--- Your objective ---
Leave the pictures out. Retype exactly the lines below from the one containing "Plus de flexibilité" through the one containing "- Conférence organisée", and no others.

--- Records ---

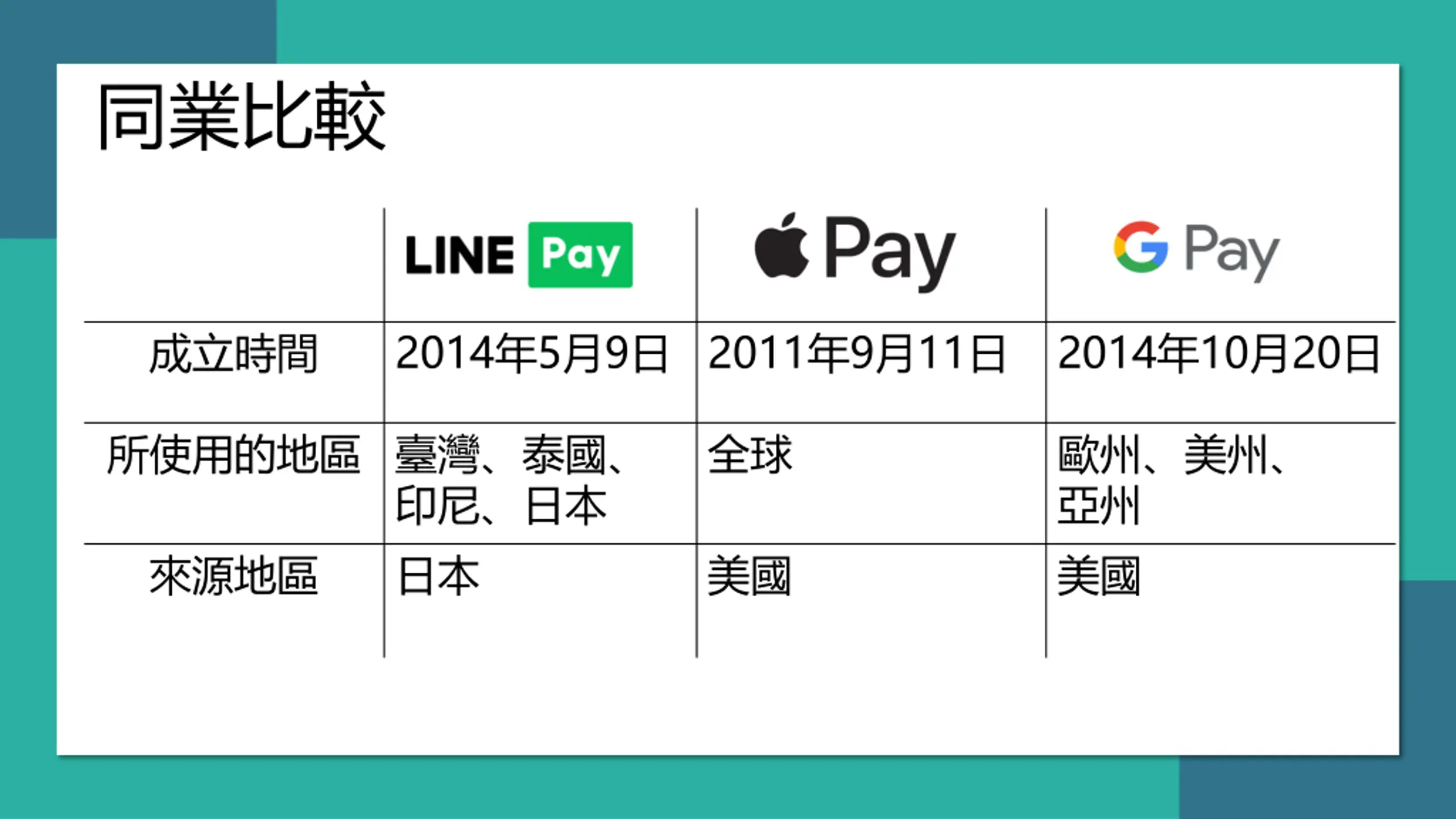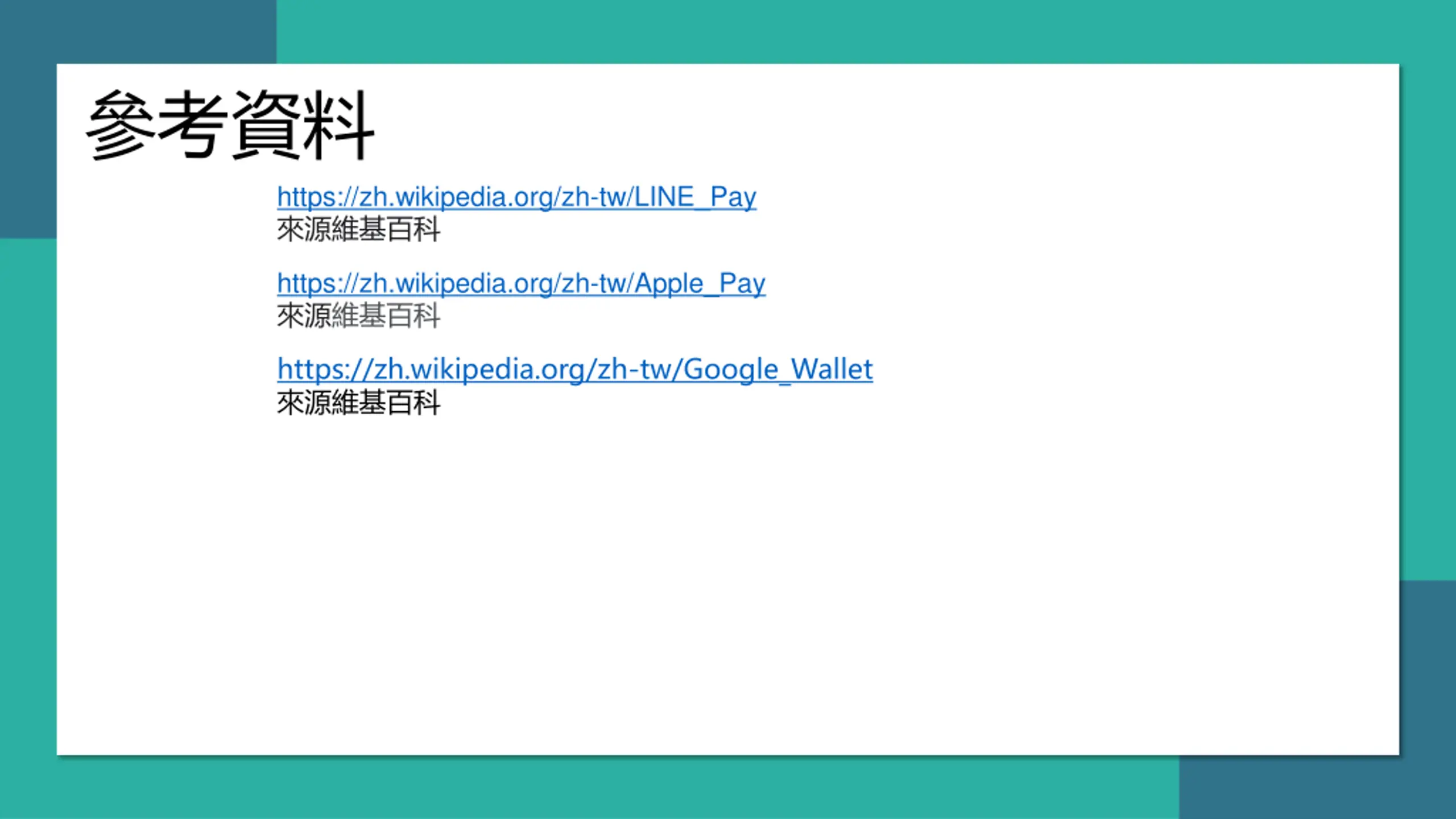 https://zh.wikipedia.org/zh-tw/LINE_Pay https://zh.wikipedia.org/zh-tw/Apple_Pay https://zh.wikipedia.org/zh-tw/Google_Wallet
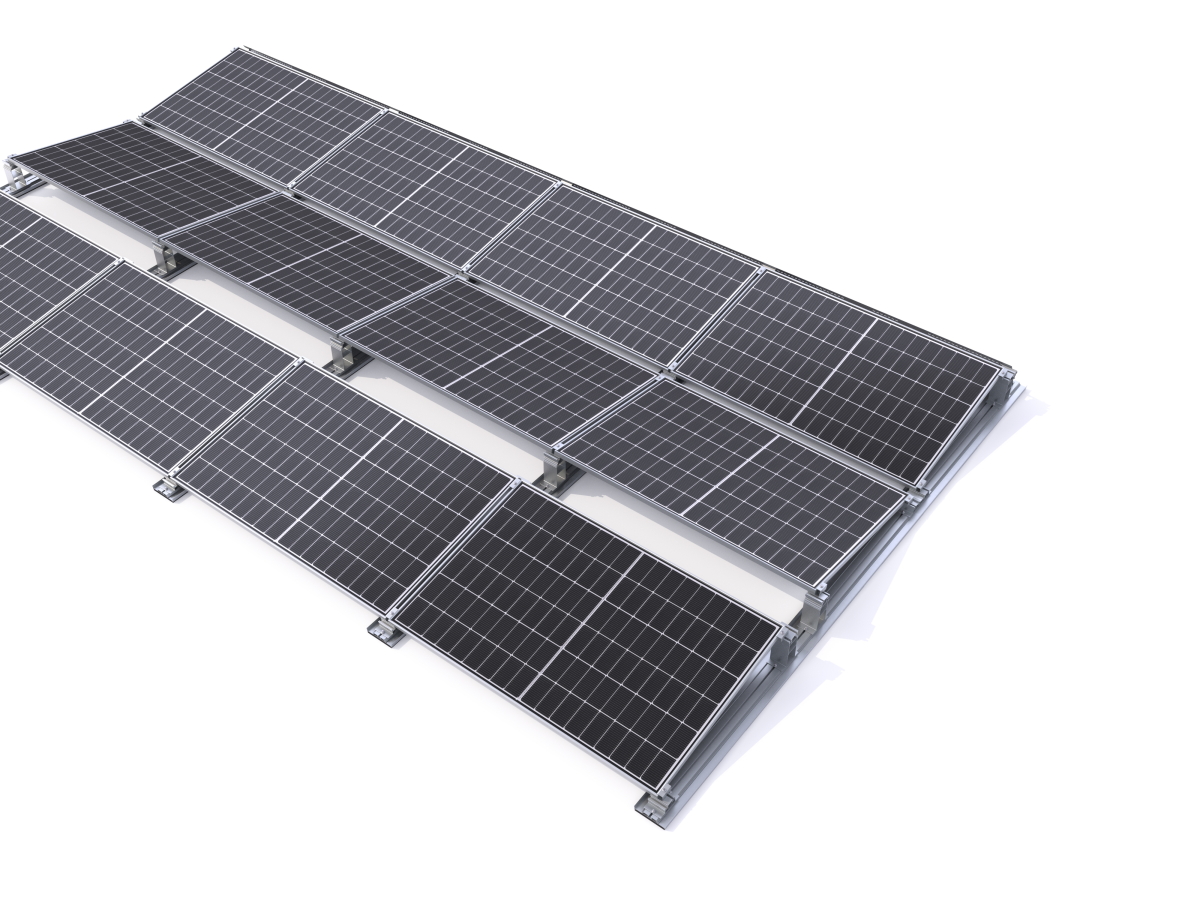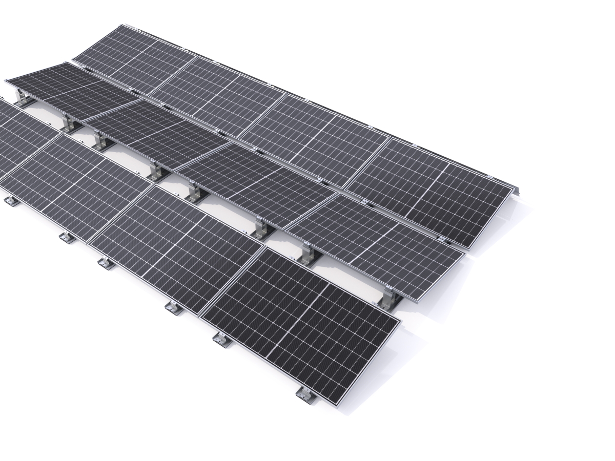 Plus de flexibilité pour les grands modules : notre système de montage aérodynamique pour toits plats a été perfectionné et convient parfaitement aux modules d'une taille maximale de 3 m². Aérodynamiquement optimisé, sûr à long terme – sans aucune perforation du toit.
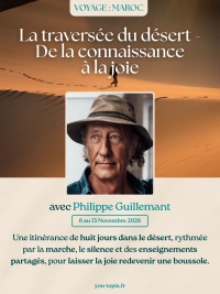 - Conférence organisée par Vertical Project le 14 mars 2026 à Toulouse - Atelier synchronicité le samedi 28 mars à Paris - Conférence le dimanche 29 mars au Grand Rex à Paris - Conférence et atelier le 31 mars et 1er avril en Bretagne (plus d'infos à venir) - Retraite YOU-TOPIA du 10 au 13 septembre 2026 à l'abbaye de Sylvanès (12) - Voyage au Maroc avec traversée du désert organisée par YOU-TOPIA *** De la connaissance à la joie (Masterclass de 22 vidéos de 55 mn) *** Sélection d'interviews récents *** Interview pour la chaine Antithèse (février 2025) *** Interview pour la chaine Revhealing (juin 2024) *** Interview par le média Epoch Times France (novembre 2023) ***** Sélection de conférences récentes *** Conférence à Thonon-les-Bains (février 2025) *** Conférence au domaine du Plantier en Haute-Provence (juillet 2024) *** Conférence à Angers (mars
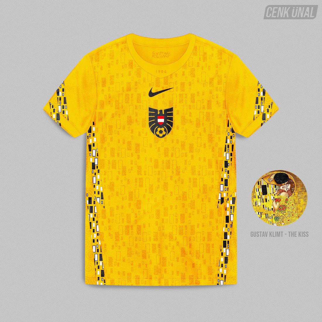 Zum Beispiel hebt sein Österreich-Konzepttrikot Pumas 'Crafted from Culture'-Motiv auf eine andere Ebene, indem es sich von dem berühmten Gemälde 'Der Kuss' des Österreichers Gustav Klimt (1862-1918) inspirieren lässt, während es gleichzeitig aktuelle Nike-Vorlagenideen umsetzt.
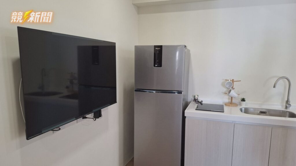室內提供流理臺、電陶爐及冰箱等家電設備,主打「一卡皮箱即可入住」,大幅提升租客進駐意願。(圖:記者羅少君/翻攝)
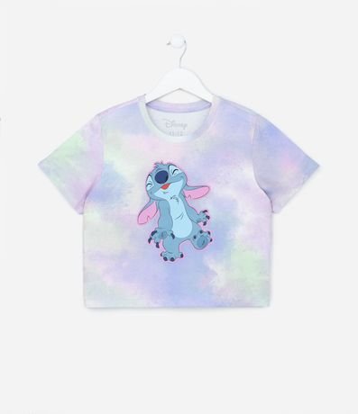 Remera Comfort Infantil Estampado Stitch con Fondo Tie Dye - Talle 5 a 14 años
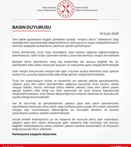 Hazine ve Maliye Bakanlığı, sosyal medya hesabından yaptığı paylaşımda, “Yeni Şafak gazetesinin bugün gündeme taşıdığı ‘vergisiz döviz’ iddialarının bilgi eksikliğinden kaynaklandığı değerlendirilmiş; kamuoyunun doğru bilgilendirilmesini teminen aşağıdaki açıklamanın yapılması gerekli görülmüştür” ifadelerini kullandı.

--- Task response ---
 Plus de flexibilité pour les grands modules : notre système de montage aérodynamique pour toits plats a été perfectionné et convient parfaitement aux modules d'une taille maximale de 3 m². Aérodynamiquement optimisé, sûr à long terme – sans aucune perforation du toit.
 - Conférence organisée par Vertical Project le 14 mars 2026 à Toulouse - Atelier synchronicité le samedi 28 mars à Paris - Conférence le dimanche 29 mars au Grand Rex à Paris - Conférence et atelier le 31 mars et 1er avril en Bretagne (plus d'infos à venir) - Retraite YOU-TOPIA du 10 au 13 septembre 2026 à l'abbaye de Sylvanès (12) - Voyage au Maroc avec traversée du désert organisée par YOU-TOPIA *** De la connaissance à la joie (Masterclass de 22 vidéos de 55 mn) *** Sélection d'interviews récents *** Interview pour la chaine Antithèse (février 2025) *** Interview pour la chaine Revhealing (juin 2024) *** Interview par le média Epoch Times France (novembre 2023) ***** Sélection de conférences récentes *** Conférence à Thonon-les-Bains (février 2025) *** Conférence au domaine du Plantier en Haute-Provence (juillet 2024) *** Conférence à Angers (mars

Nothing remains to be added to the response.